Ma rację, pomyślał niechętnie Krotosz, ma rację niezawodnie. Na Tragance mnie nie o wiedźmę i zbójcę rozpytywać będą, jeno czemu dziewka samopas w miasto poszła.

– Lepiej wam Psi Wykrot pokażę – zdecydował z ociąganiem – skoro was od tego odwieść nie potrafię. Ruczaj tam płynie, brudy ludzie do niego z całego miasta znoszą, odkąd zaraza porządnie miasto przetrzebiła i książę pod grzywną zakazał nieczystości na ulice wywalać. Psów się zdziczałych gromada zawdy przy nich kręci. Plugawe jest miejsce, ale jak was to ma uszczęśliwić, tedy chodźmy. Choć nic z tego wiedźmiego gadania nie przyjdzie – zastrzegł się.
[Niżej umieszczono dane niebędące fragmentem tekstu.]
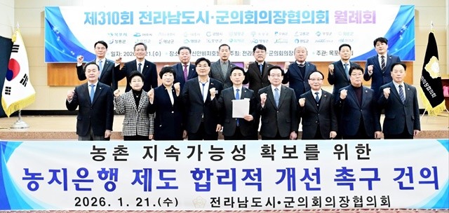 전라남도시군의회의장협의회는 “농지은행 제도가 본래의 취지에 맞게 농촌 현장의 현실을 반영하는 제도로 개선돼야 한다”며“앞으로도 지역 농업인의 삶과 직결된 제도 개선 과제에 대해 지속적으로 목소리를 내겠다”고 밝혔다.

Poprowadził ją rozpaloną ulicą w dół Jaskółczej Skały. Dziewczyna śmiało strzelała oczami, bezwstydnie, ale po prawdzie nie było na co patrzeć. Domy stawiano prawie jednakie, trzypiętrowe, o grubych murach z jasnego łupka i wąskich, dla upału na głucho zatrzaśniętych okienkach. Gdyby co bogatsi nie kryli ścian białą, marmurową kostką, ciężko byłoby rozpoznać, który dom zasiadacza, co w ratuszu radzi, a gdzie się biedota gnieździ. Rozmaite były tylko drzwi, czy raczej bramy wielkie pod ciężkimi portalami, kute w żelazie przez kopiennickich kowali. Im kto znaczniejszy, tym brama ozdobniejsza, niektórzy całą niemal historię Spichrzy mieli na niej przedstawioną, począwszy od objawienia Nur Nemruta.

W miarę jak schodzili niżej, bruk stawał się nierówny, a gdy weszli do Krowiego Parowu, zniknął bez śladu pod piachem i nieczystościami. Ta część miasta spłonęła doszczętnie w wielkim pożarze i gdzieniegdzie wciąż pozostały stare, dobrze już porośnięte dzikim koprem zgliszcza. Pomiędzy nimi, ledwo co widoczne spod krzaków czarnego bzu i akacji, czerniły się niskie, byle jak sklecone chaty. Mieszkały w nich servenedyjskie wojowniczki ze straży świątynnej: jak zwykle, stroniły od ludzi Spichrzy.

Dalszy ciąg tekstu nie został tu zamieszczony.